Overview
Skills
Job Details
Job type: Operations Monitoring Engineer
Location: On-site 4 days a week in Fort Worth, TX
Must haves:
- Experience with Dynatrace (Preferably) , Cloud Watch, Data Dog, OR New Relic
- Change management and incident management experience would be great
Job Description:
The Operations Support Engineer will monitor, alert, and support our systems to ensure seamless operations. Ideal candidates will have 3-5 years of experience with Dynatrace, CloudWatch or similar tools, and a solid understanding of cloud architecture and DevOps principles.
Key Responsibilities:
System Monitoring and Optimization: Monitor systems for faults, identify optimization opportunities, and implement tools and process changes to improve monitoring and alerting.

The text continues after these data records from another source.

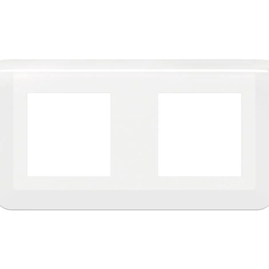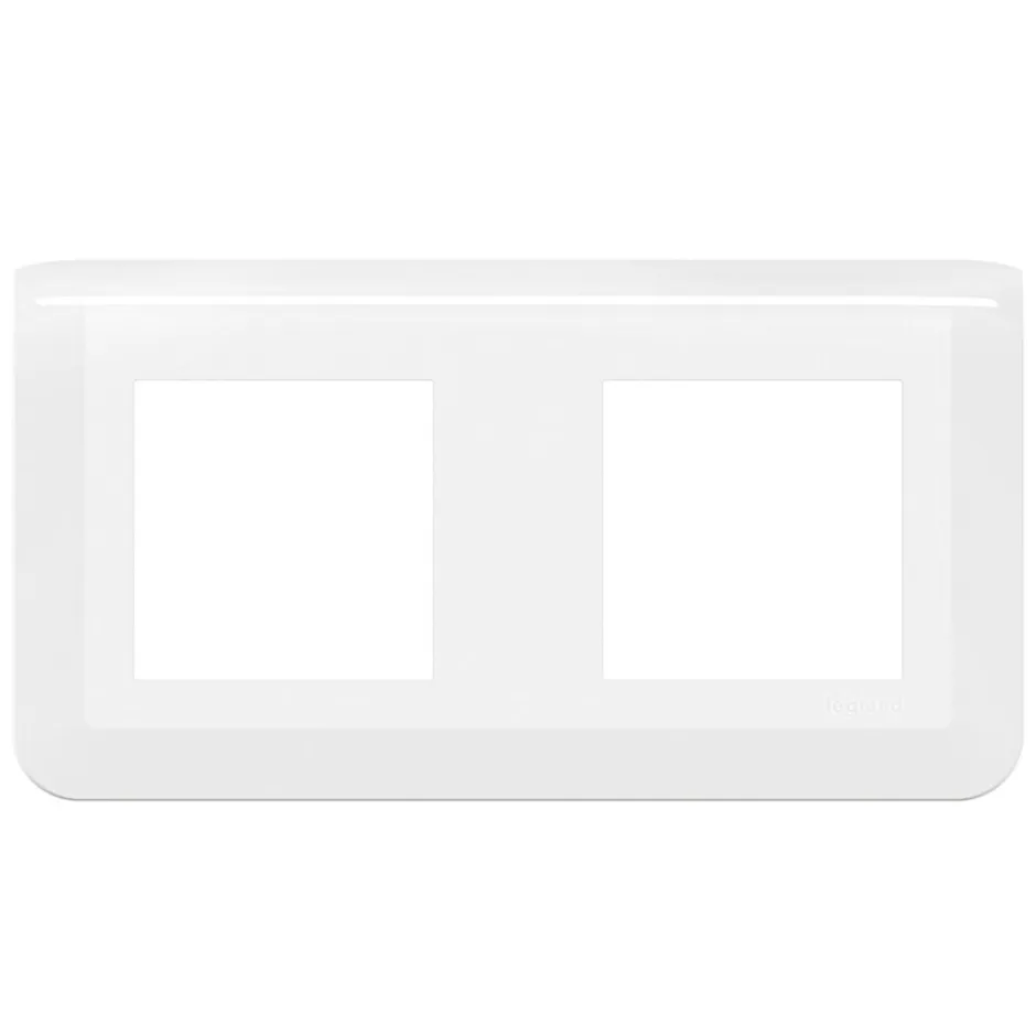 Plaque de finition Legrand Mosaic blanche brillante pour montage horizontal, compatible supports Batibox 4 modules (Réf. 080252). Thermoplastique halogène-free, IK04, usage intérieur.
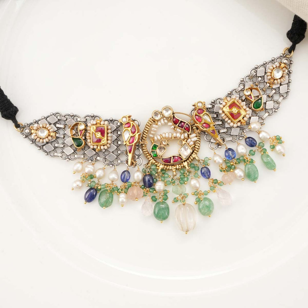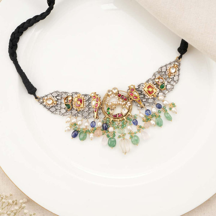 This 92.5 Silver, 24 kt Gold-Plated Choker is adorned with Semi-precious Kundan Stones for a luxurious aesthetic.
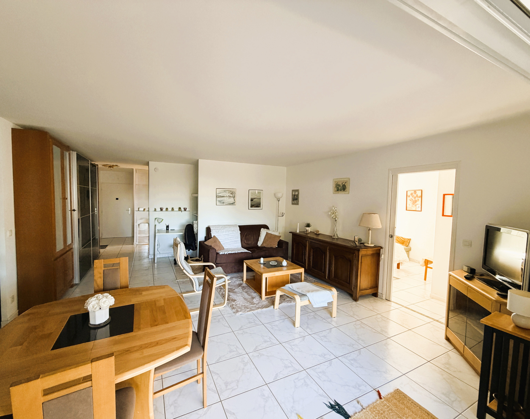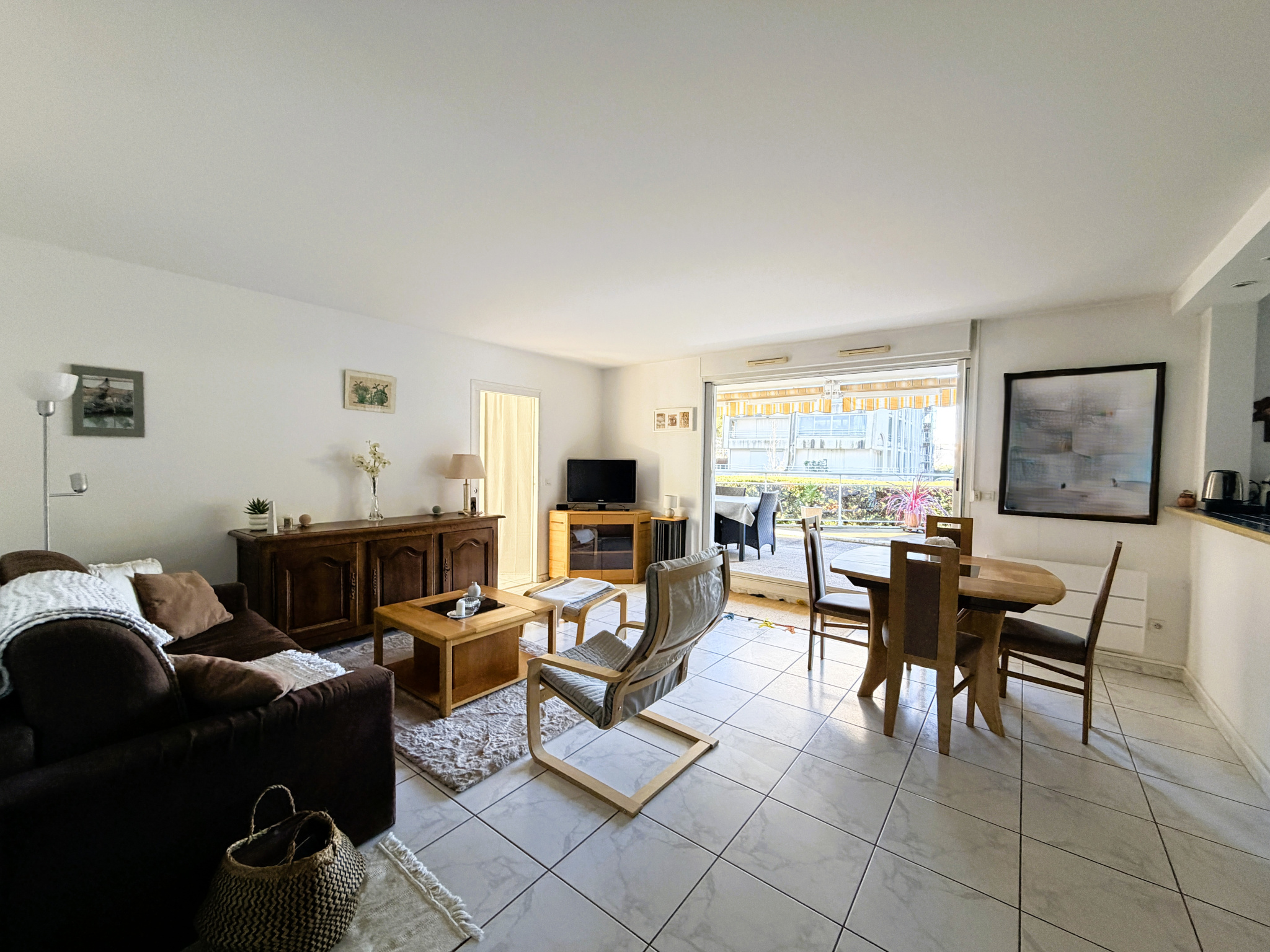 Très bel appartement 3 pièces de 73 m2, aux prestations soignées et élégantes - TERRASSE EN ANGLE de 42 m2 au calme, vue verdure, exposée Est et Sud - Situé à deux pas des plages et des commerces - Sans le moindre travaux : volets roulants électriques, double ...
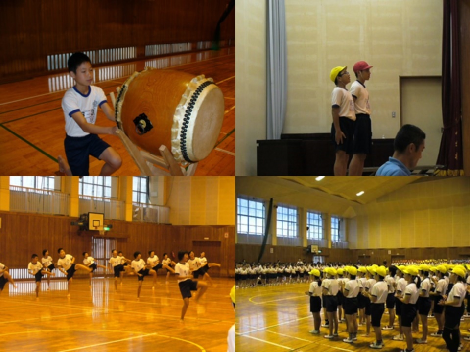 これは、赤団、白団の応援練習と地域の皆さんへの感謝のコール、また、全校で踊る「おこさ音頭」、そして、とてもめずらしい校歌の振り付けがあります。
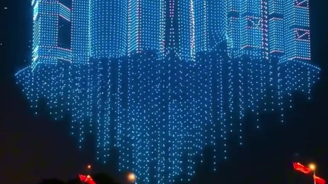 Chào mừng kỷ niệm 75 năm thành lập nước Trung Hoa, màn trình diễn của 3000 máy bay không người lái t

Incident Response and Root Cause Analysis: Work with major incident response teams for escalations and monitoring during major incidents
Qualifications:
Self-Motivated: Ability to define, develop, and execute plans; manage system outages; and handle high-stress situations.
Availability: Able to work in a 24/7 environment and provide on-call support.
Experience: Proven experience interacting at all levels.
Technical Skills:
Bachelor's degree in Computer Science, Information Systems, or Engineering preferred.
Technical certifications or 5+ years in Event monitoring and alerting
Experience with monitoring tools (Dynatrace, CloudWatch, Zabbix, SCOM).
Strong writing skills for documentation.
Proficient in distributed systems/administration (Windows, Unix, Linux, VMWare, etc.).
Knowledge of ITIL best practices (certification is a plus).
Familiarity with SDLC lifecycle.
Experience in SLA/KPI-driven environments.
ServiceNow proficiency.
General scripting/programming skills (Python, Node.js, Ruby, Perl, Bash/sh).
Preferred Qualifications:
Cloud certifications (AWS, Azure, etc.).
Experience with infrastructure as code tools (Terraform, Ansible, etc.).
ITIL V3 or V4 certification.
Advanced technical skills in various operating systems and environments.
Proven ability to improve monitoring and alerting processes